TASK BRIEF: Give a verbatim copy of the lines below, minus the pictures.
[EXERCISE DATA — start]
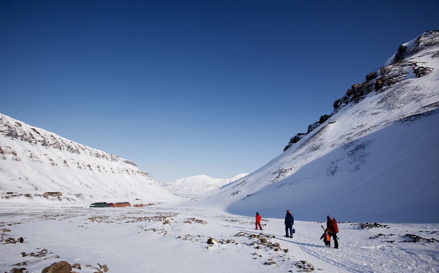 A group of people walking along a path outside Longyearbyen, Spitsbergen, Svalbard, Norway. (Credit: Canva)
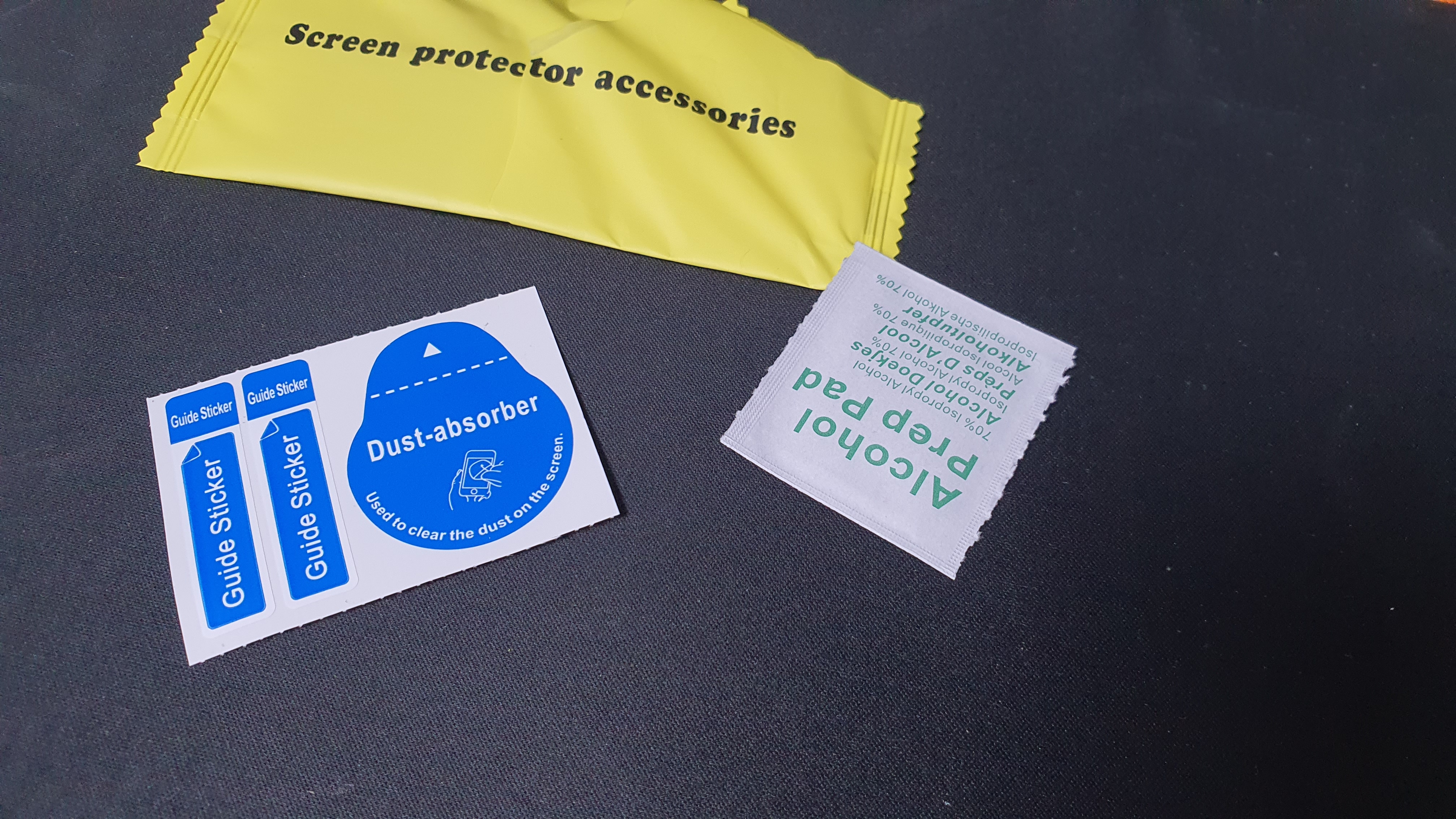 함께 들어 있는 극세사 천, 먼지 제거 스티커, 알코올 솜입니다.
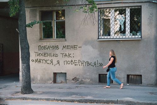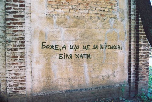 Це слова матері, яка втратила сина на війні – інтимні емоційні переживання, що радикально відрізняються від попередніх. Вони недоречні у публічному просторі. Вони походять із приватної сфери, а їхня емоційна виразність провокує інше розуміння війни написів, як і війни в цілому.
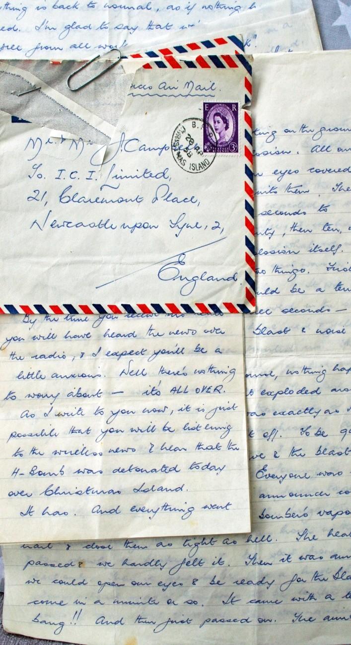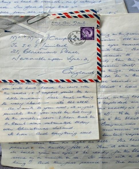 Another describes a stay in hospital just after another H-Bomb explosion on September 2, 1958. “I’m sorry I didn’t write to you straight after the fireworks, but I was feeling damned tired indeed…”
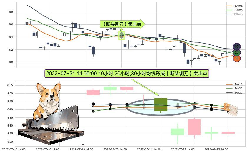 形态多维评估: ⚀ 2022-07-21 14:00:00小时显现 10小时-20小时-30小时均线 【断头铡刀】卖出点 看空信号,后市看跌,卖出
[EXERCISE DATA — finish]
WRITTEN ANSWER:
 A group of people walking along a path outside Longyearbyen, Spitsbergen, Svalbard, Norway. (Credit: Canva)
 함께 들어 있는 극세사 천, 먼지 제거 스티커, 알코올 솜입니다.
 Це слова матері, яка втратила сина на війні – інтимні емоційні переживання, що радикально відрізняються від попередніх. Вони недоречні у публічному просторі. Вони походять із приватної сфери, а їхня емоційна виразність провокує інше розуміння війни написів, як і війни в цілому.
 Another describes a stay in hospital just after another H-Bomb explosion on September 2, 1958. “I’m sorry I didn’t write to you straight after the fireworks, but I was feeling damned tired indeed…”
 形态多维评估: ⚀ 2022-07-21 14:00:00小时显现 10小时-20小时-30小时均线 【断头铡刀】卖出点 看空信号,后市看跌,卖出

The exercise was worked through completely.